Secure machine learning for real-time edge
Mira, Zarin. 2023. Secure machine learning for real-time edge. -- In Proceedings: 22nd Annual Undergraduate Research and Creative Activity Forum. Wichita, KS: Wichita State University, p. 24
Machine learning applications are becoming increasingly popular on various computing platforms such as edge computing devices, cloud servers, IoT devices etc. This is because they enable designers to create control systems that are more intelligent, autonomous, and privacy-aware. However, these applications usually come with heavy workloads, which is why edge applications require "real-time" guarantees. This means that application tasks must be completed within a predefined timing bound, often referred to as "deadlines". Unfortunately, current off-the-shelf ML frameworks like Caffe, Darknet, and cONNXr do not consider the strict delay requirements imposed by real-time applications. Moreover, they are often not "security-aware," which can compromise the confidentiality of information, the processing of data, and the integrity of the application tasks. To address these issues, ML applications may require isolated execution in a trusted environment that is protected from other applications. For instance, when critical applications like biometrics use machine learning, they must execute in a trusted environment to prevent them from being compromised by other applications.
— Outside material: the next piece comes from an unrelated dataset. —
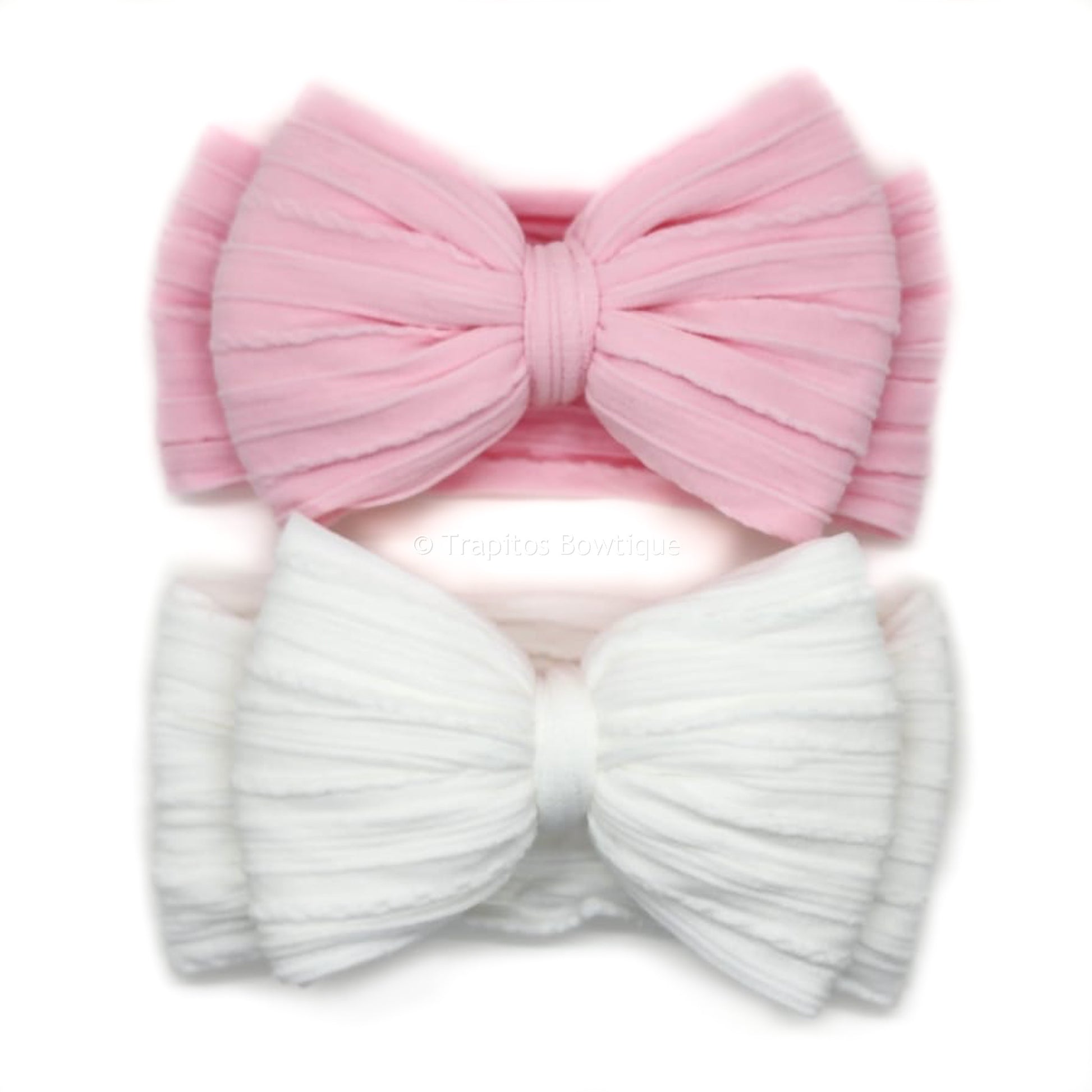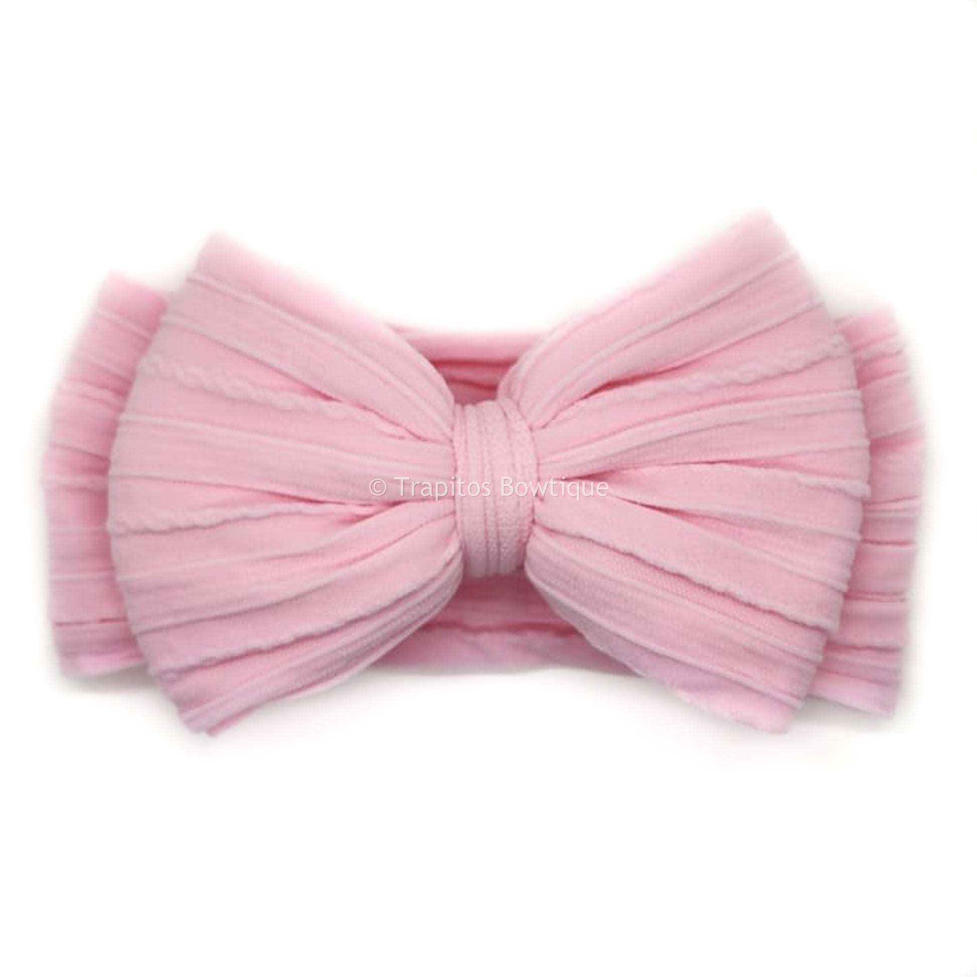 Diadema tipo turbante atado al centro para formar un moño. Elaborada con nylon y algodon elastico para mayor suavidad y confort de tu bebe.

One way to provide security for ML tasks is to execute some (or all) of the machine learning layers within a "confined environment" known as trusted execution environments (TEEs). TEEs offer tamper-resistant execution and are available in recent trusted execution technologies such as SGX, Arm TrustZone, and RISC-V. In this research project, we focus on the Arm TrustZone TEE and investigate its integration with existing ML frameworks within real-time schedulers and a confined environment (OP-TEE) with limited resources. Our goal is to explore the feasibility of adopting secure, TEE-enabled ML frameworks for real-time applications and to evaluate the implementation of isolated execution of ML workloads. We will also measure the performance overhead (timing, CPU, memory usage) of such integrations. The outcome of this research will enable us to understand the benefits and limitations of using Arm TrustZone for secure machine learning on real-time edge devices.